The code above contains event handlers for clicking the show and hide buttons. When you click the show button, the Dependency is changed and the function passed to autorun for showing or hiding the modal dialog is rerun.

You should not expect the modal popup to appear immediately after calling _showModalDependency.changed(). For example, if you attempt to change the title of the modal dialog in the next line of code then you’ll get an exception because the modal dialog won’t be in the DOM.

If you really want the modal popup to appear immediately then you need to call Tracker.flush() like this:

Template.modal.events({
   'click #show': function() {
        _showModal = true;
       _showModalDependency.changed();
      Tracker.flush();
      // Now, you can change the modal dialog
   },

    'click #hide': function() {
        _showModal = false;
        _showModalDependency.changed();
      Tracker.flush();
      // Now, you can change the modal dialog
    }
});

Calling Tracker.flush() forces any function associated with an invalidated Computation object to immediately run. In this case, it would cause the function passed to Tracker.autorun() to immediately run.

The other important implication of the way dependencies work concerns multiple invalidations. Consider the following code:

function changeTemperature() {
   spaceship.setTemperature(1);
   spaceship.setTemperature(2);
   spaceship.setTemperature(3);
   spaceship.setTemperature(4);
   spaceship.setTemperature(5);
}

You might expect the changeTemperate() function to change the temperature 5 times and update the dashboard 5 times. Actually, that doesn’t happen. Changing the temperature multiple times is the same as changing the temperature one time and only the last setTemperature() matters.

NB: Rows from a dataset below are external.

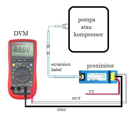 Output daripada proximitor diukur dengan menggunakan alat AVO meter atau Digital Volt Meter (DVM) dengan cara meletakan probe DVM pada terminal COM dan OUT seperti terlihat pada gambar dibawah ini;
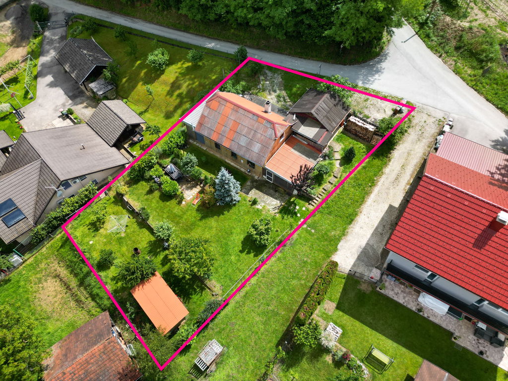 - Dodatno: na parceli stojita še vrtna lopa in garaža
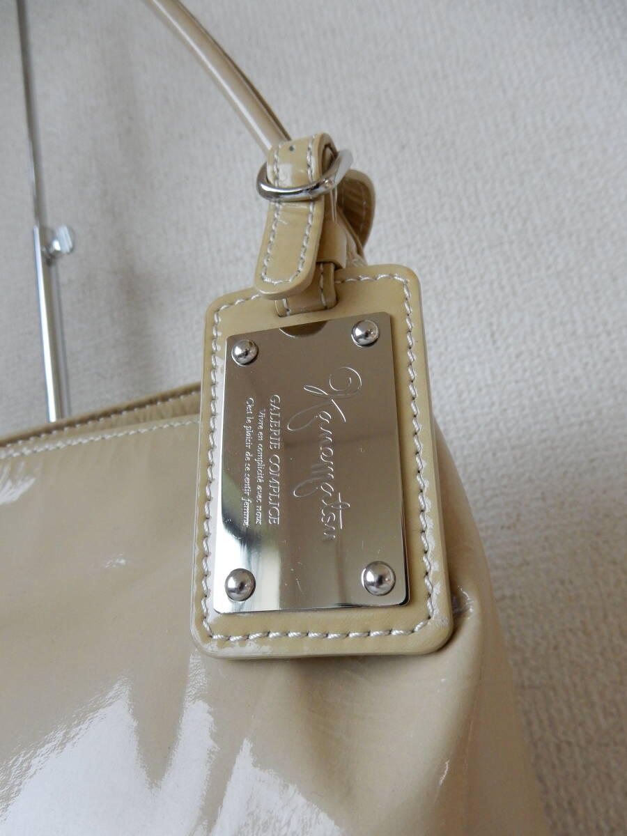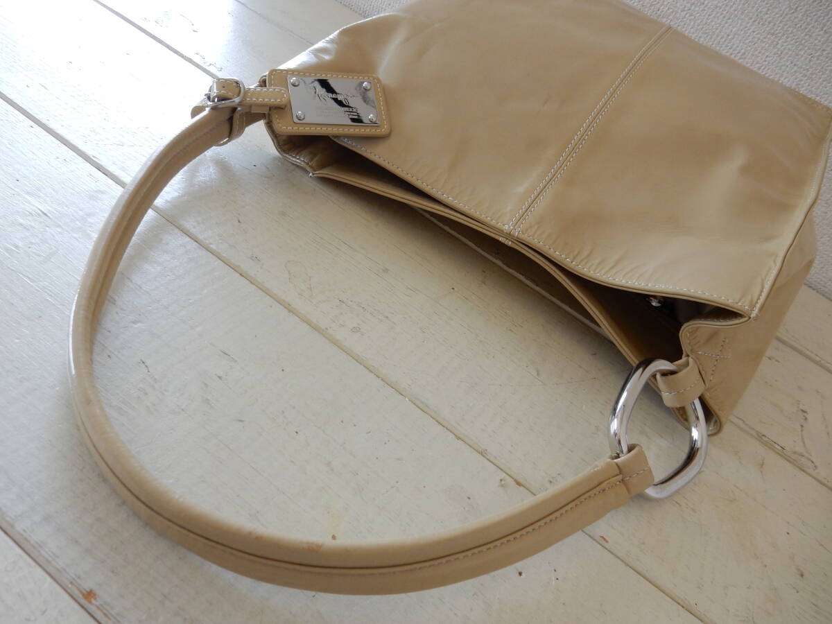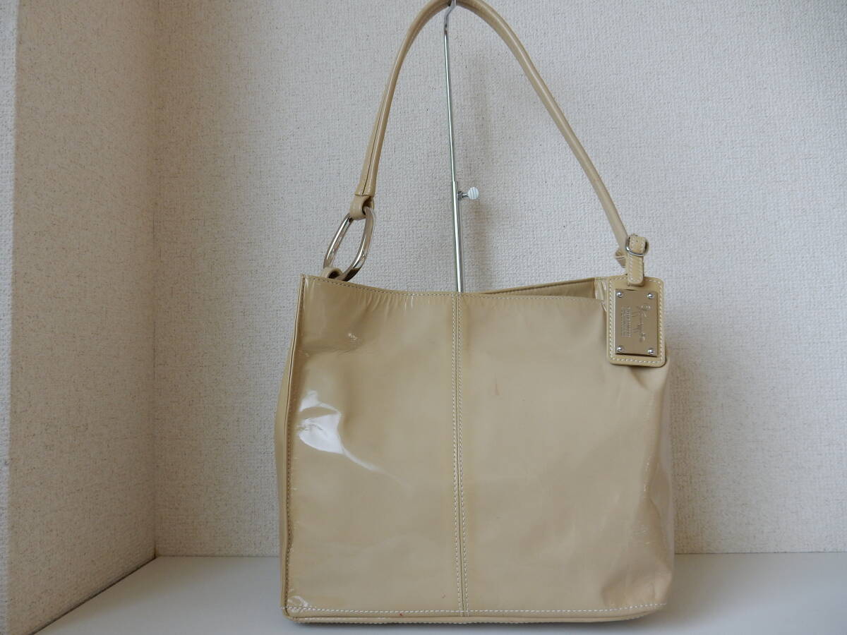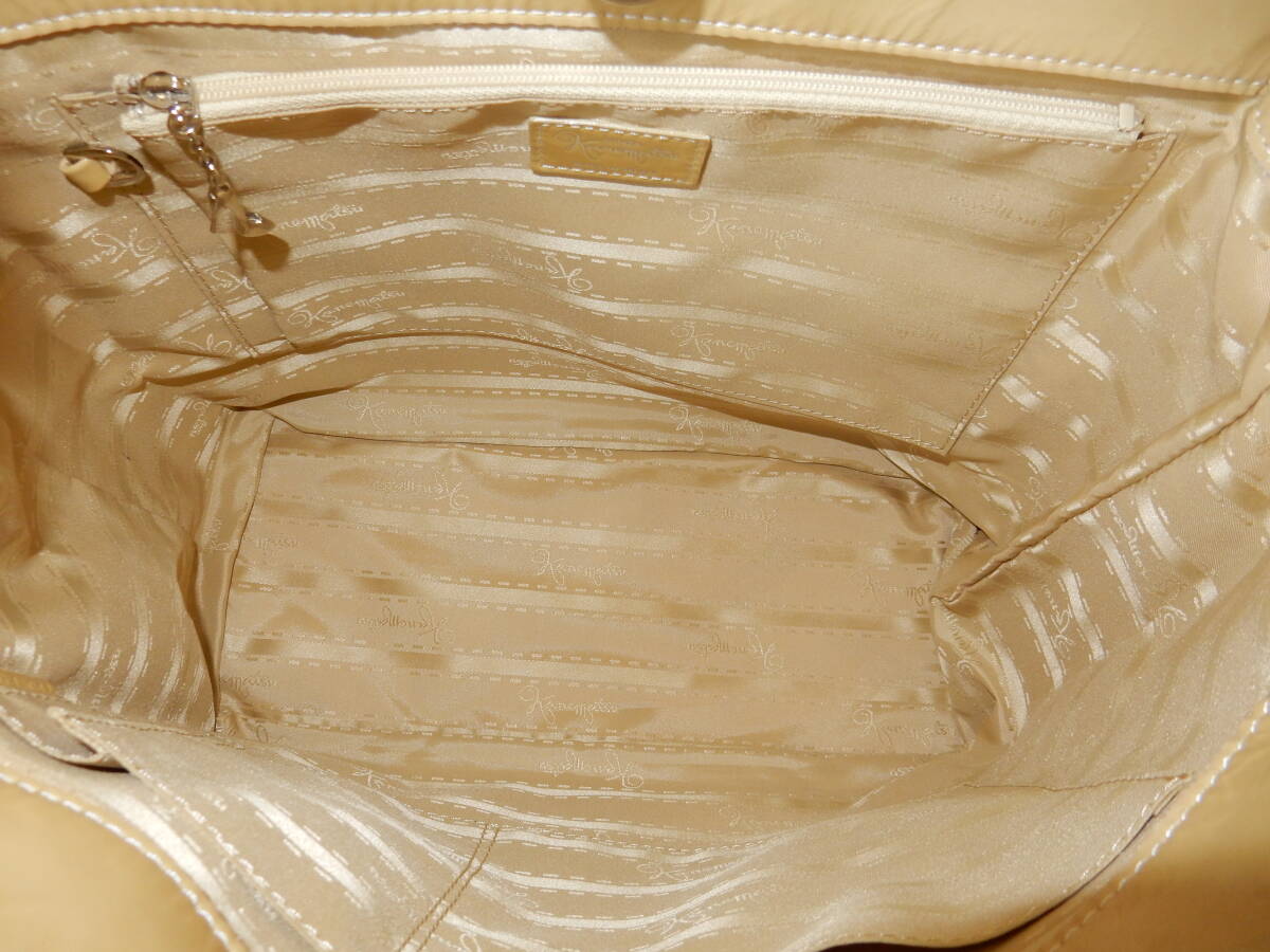 日本製☆GINZA Kanematsu(銀座かねまつ)☆B5対応☆エナメルショルダーバッグ クリーム(金具シルバー)
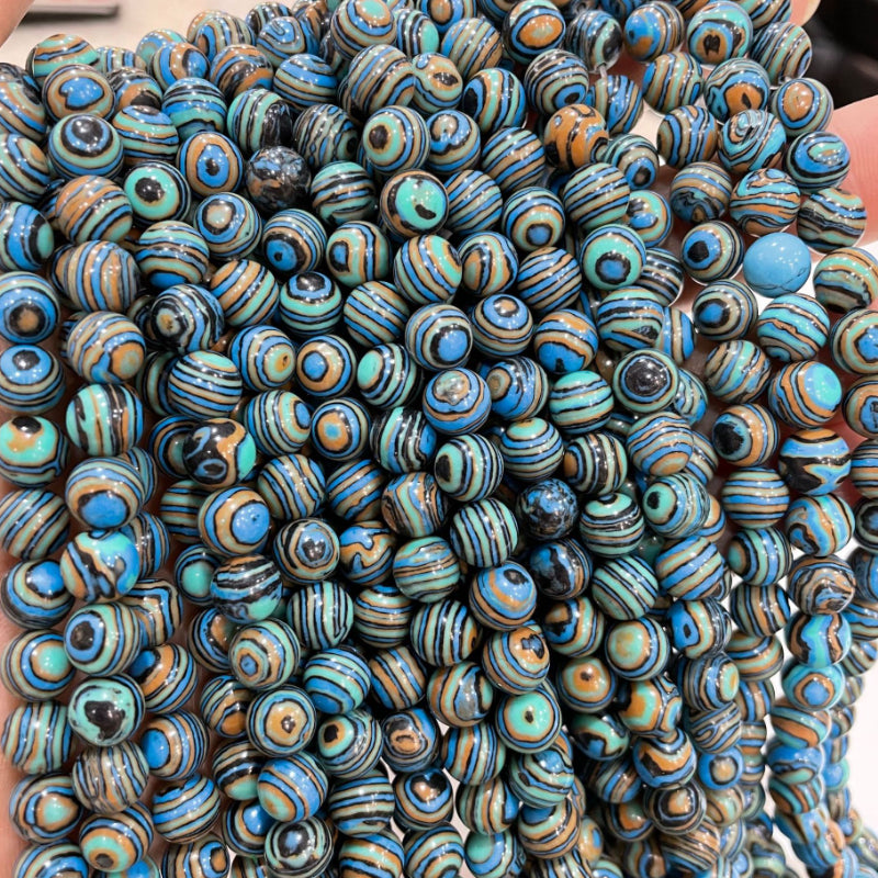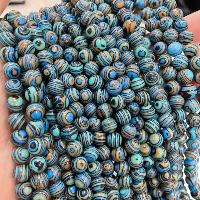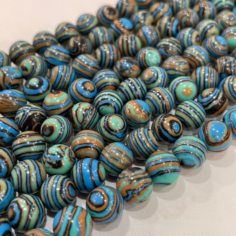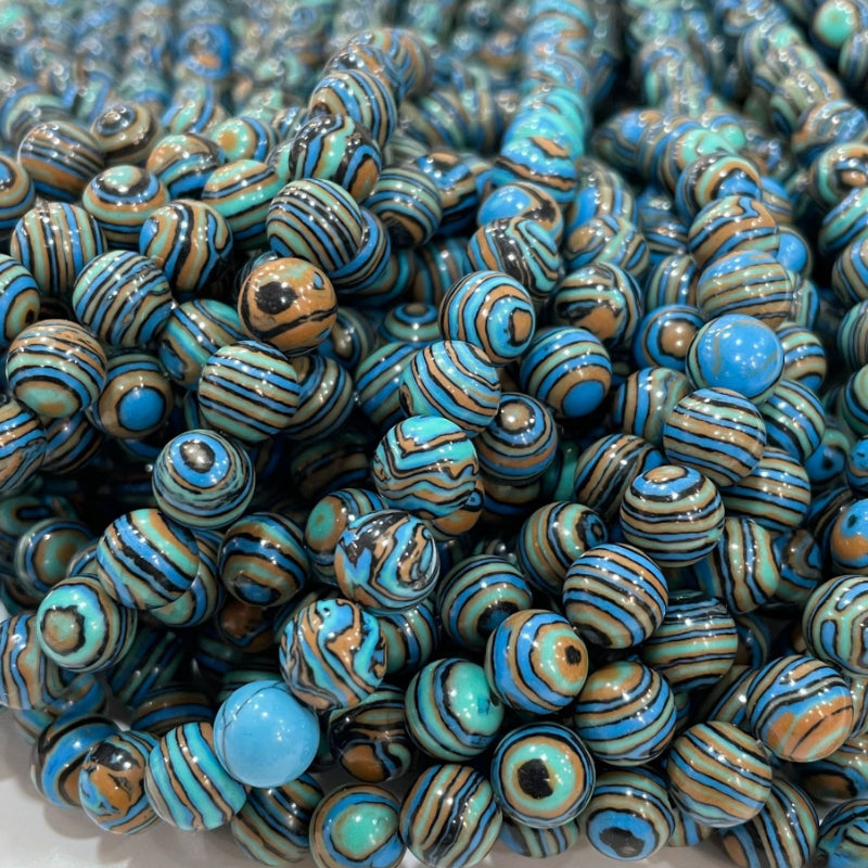 Create stunning jewelry pieces with these 4mm-12mm round red malachite and synthetic turquoise beads. Perfect for DIY projects and crafting.
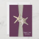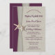 Jolie étoile de mer et gris argenté burlap design créent un look unique pour votre plage ou mariage de destination. Elégante invitation de mariage à la plage d'étoiles de mer d'aubergine foncée. Cette invitation est entièrement imprimée. Il n'y a pas de véritable burlap ni d'étoiles de mer.

If you want each call to setTemperature() matter then you need to call flush:

function changeTemperature() {
   spaceship.setTemperature(1);
   Tracker.flush();
   spaceship.setTemperature(2);
   Tracker.flush();
   spaceship.setTemperature(3);
   Tracker.flush();
   spaceship.setTemperature(4);
   Tracker.flush();
   spaceship.setTemperature(5);
}

Meteor Reactivity is Transparent

Above, I might have misled you into thinking that Meteor’s reactive programming style is more complicated than it is. Typically, you never work with the Tracker Computation or Dependency objects directly. Instead, you work with reactive data sources. Meteor has several types of reactive data sources such as:

  • Session object

  • Reactive variables

  • Minimongo

  • Meteor.user(), Meteor.status()

These objects create Tracker dependency objects for you internally. If you write JavaScript code that interacts with these objects then you get reactivity for free (transparently).

You also rarely need to call Tracker.autorun() yourself. Instead, if you are using the Blaze templating engine – the templating engine used by Meteor – then Tracker.autorun() is called for you automatically. Any template helper that you create is run with Tracker.autorun() by Blaze.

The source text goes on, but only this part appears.